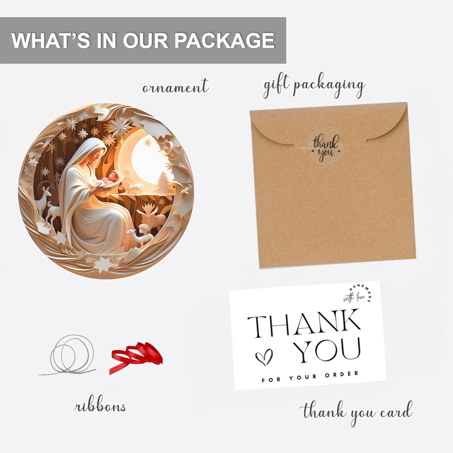 Jabihome Christmas Ornaments 2025, Exchange for Women, Men, Collectible Dated Year Ornaments for Tree, Unique Acrylic Suncatcher, Printed Stained Glass Effect Decor (Moonlit Nativity)
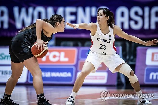 (서울=연합뉴스) 27일(한국시간) 요르단 암만에서 열린 2021 국제농구연맹(FIBA) 여자 아시아컵 한국과 뉴질랜드의 경기에서 정선민 감독이 이끄는 한국은 이날 경기에서 김단비가 수비하고 있다. 85-69로 승리했다. 2021.9.27 [FIBA 홈페이지 캡처. 재판매 및 DB 금지]
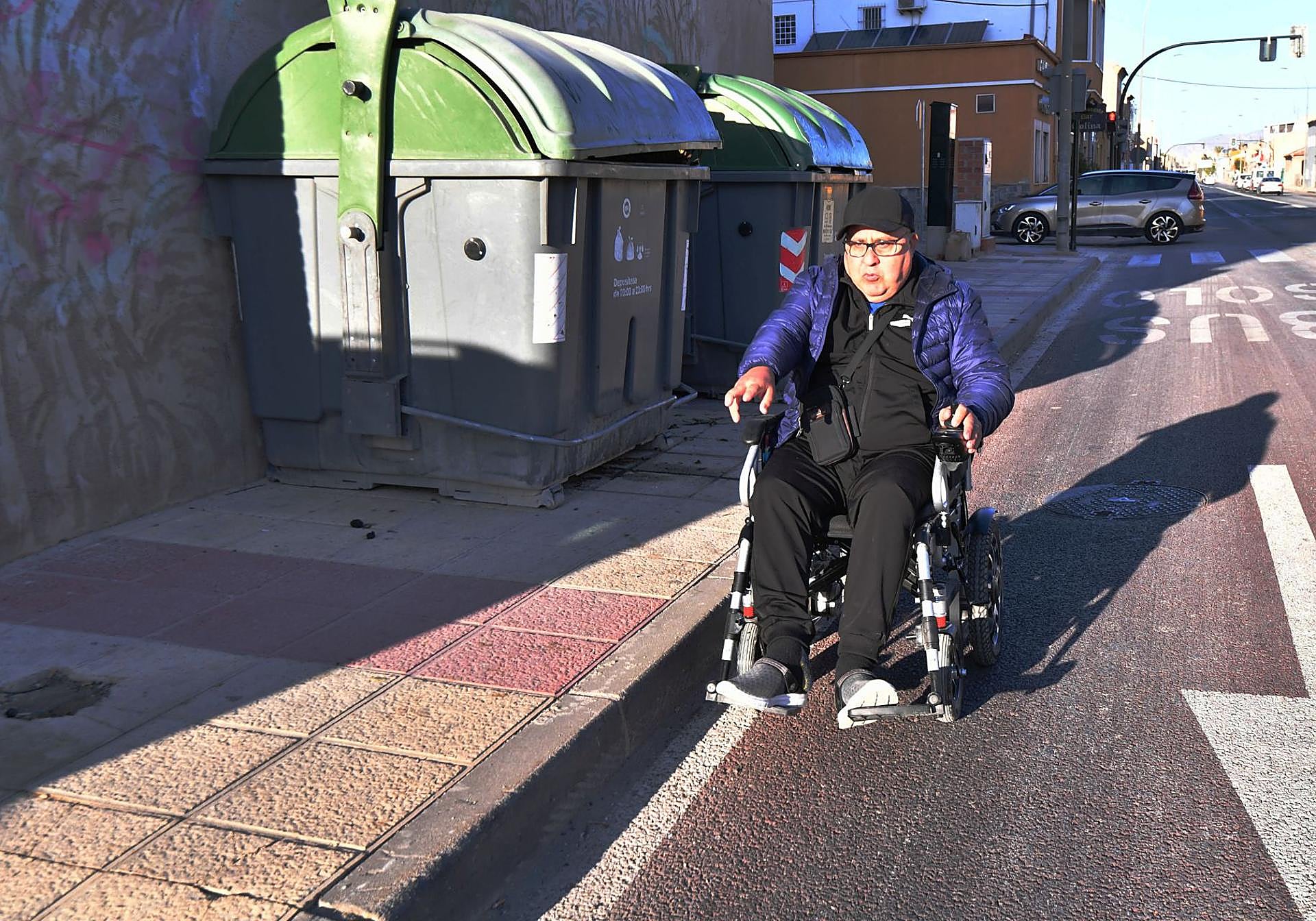 Sobre los obstáculos que se encuentra en su camino a la parada de autobús, resalta que «tengo que bajarme de la acera porque han instalado unos contenedores que me impiden el paso y no me queda más remedio que ir un tramo por la calzada por donde circulan los vehículos, con el riesgo que implica; falta accesibilidad en pedanías». Miguel Ángel reconoce que su nueva realidad le ha supuesto «un golpe muy duro». Desde entonces, cuenta que se ha sometido a cuatro operaciones en la pierna derecha y que está a la espera de una nueva intervención. «Me han detectado una infección y los médicos me han dicho que es probable que tengan que acabar amputándome la pierna», detalla.

> [Brief]: A word-for-word transcription of the listing is needed, minus its images.

> [Result for this exercise]:
 Jabihome Christmas Ornaments 2025, Exchange for Women, Men, Collectible Dated Year Ornaments for Tree, Unique Acrylic Suncatcher, Printed Stained Glass Effect Decor (Moonlit Nativity)
 (서울=연합뉴스) 27일(한국시간) 요르단 암만에서 열린 2021 국제농구연맹(FIBA) 여자 아시아컵 한국과 뉴질랜드의 경기에서 정선민 감독이 이끄는 한국은 이날 경기에서 김단비가 수비하고 있다. 85-69로 승리했다. 2021.9.27 [FIBA 홈페이지 캡처. 재판매 및 DB 금지]
 Sobre los obstáculos que se encuentra en su camino a la parada de autobús, resalta que «tengo que bajarme de la acera porque han instalado unos contenedores que me impiden el paso y no me queda más remedio que ir un tramo por la calzada por donde circulan los vehículos, con el riesgo que implica; falta accesibilidad en pedanías». Miguel Ángel reconoce que su nueva realidad le ha supuesto «un golpe muy duro». Desde entonces, cuenta que se ha sometido a cuatro operaciones en la pierna derecha y que está a la espera de una nueva intervención. «Me han detectado una infección y los médicos me han dicho que es probable que tengan que acabar amputándome la pierna», detalla.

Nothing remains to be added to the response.